Sein Umsatz im Web nimmt von Jahr zu Jahr zu, sogar viel stärker als der Umsatz in seinen sonstigen Vertriebskanälen. Seit zwei Jahren geht der Umsatz insgesamt zurück ‒ das macht ihn stutzig, denn die Arbeitsbelastung ist im Unternehmen sogar angestiegen. Er bietet seine Ware in weiteren Boutiquen und Ketten von Kaufhäusern an; trotzdem schreibt er Verluste im gesamten Geschäft. Der Web-Dienstleister berichtet noch immer von ordentlichen Umsätzen und er schaut sich die Berichte einmal genauer an. Er will wissen, wie der Umsatz über den Logistiker zustande kommt. Sein Assistent Filipo macht eine Auswertung mit der Veränderung zum Vorjahr:
Ernesto hat ein mulmiges Gefühl. Er ist kein Zahlenmensch aber ein schlauer Kaufmann, also bittet er Filipo und einige Freundinnen darum, in dem Webshop einzukaufen und zu berichten, was sie für Erfahrungen machen. Das Ergebnis schmettert ihn nieder.
Der Webshop holt die Interessenten fast nur mit der bekannten Marke „Bocco“, bei Damenblusen oder modischen Accessoires ist er über die Werbung nicht zu finden. Das bedeutet, dass die Interessenten seine Marke schon kennen, Stammkunden sind und nicht wirklich neu akquiriert werden. Denn wer nach „Bocco“ sucht, weiß was er erwartet. Leider werden diese Erwartungen aber gänzlich enttäuscht.
Der Shop ist schlecht zu bedienen, die Suche funktioniert nicht, und der Warenkorb ist nicht auffindbar. Die Bilder der Kleider sind gut, aber leider stimmen die Preise nicht überall mit den beworbenen Preisen überein. Bei der Hotline läuft der Interessent auf ein Call-Center, die „Bocco“ eigentlich nicht kennen. Die meisten Interessenten springen dann wieder ab und behalten „Bocco“ außerdem noch in schlechter Erinnerung. Das verstärkt den schlechten Einfluss auf die Marke, die nun auch in den Boutiquen und Läden gemieden wird. Aus den Berichten geht das nicht hervor.
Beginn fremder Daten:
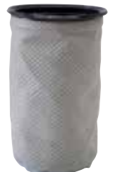
Cloth Bag: Part # 122-3229-14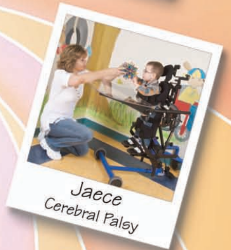
Jaece Cerebral Palsy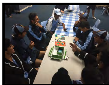
1 st XI having brunch and playing games

The 1 st XI match was abandoned upon arrival of our team. Instead of having the food the parents graciously prepare for the day go to waste, we thought it better if it gets eaten. So, we had a team brunch with players, parents and coaches and the boys got in a card game.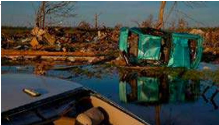
Debris litters a neighborhood after thunderstorms spawning high straight-line winds and tornadoes ripped across the state in Rolling Fork, Mississippi.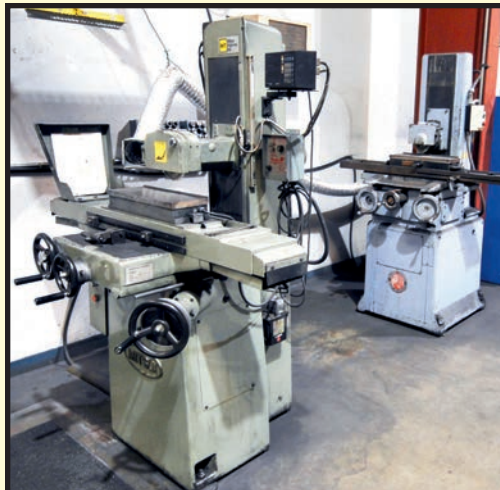
HAND FEED SURFACE GRINDERS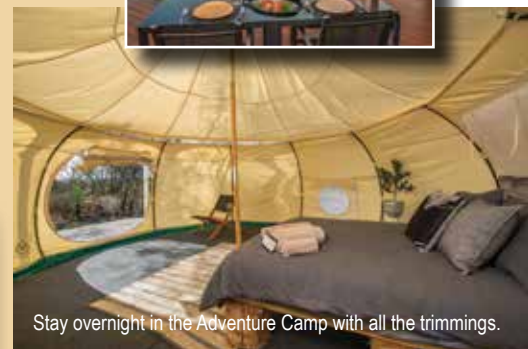
Stay overnight in the Adventure Camp with all the trimmings.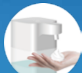
HE-406B (500ml, rechargeable)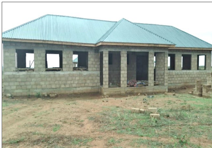
The roofed laboratories in December 2021. Since then, the walls have been plastered and doors and windows have

Jetzt wird Ernesto vieles klar. Bei einer kompletten Auslagerung seines Geschäftes lagert er auch die Qualität des Marketings aus. Der Dienstleister macht keine Analysen, welche Potenziale er hätte und nicht realisiert hat. Ernesto bekommt keine Rückmeldung über die verpassten Chancen und die Beschwerden der Kunden. Über mangelnde Qualität wird nicht berichtet.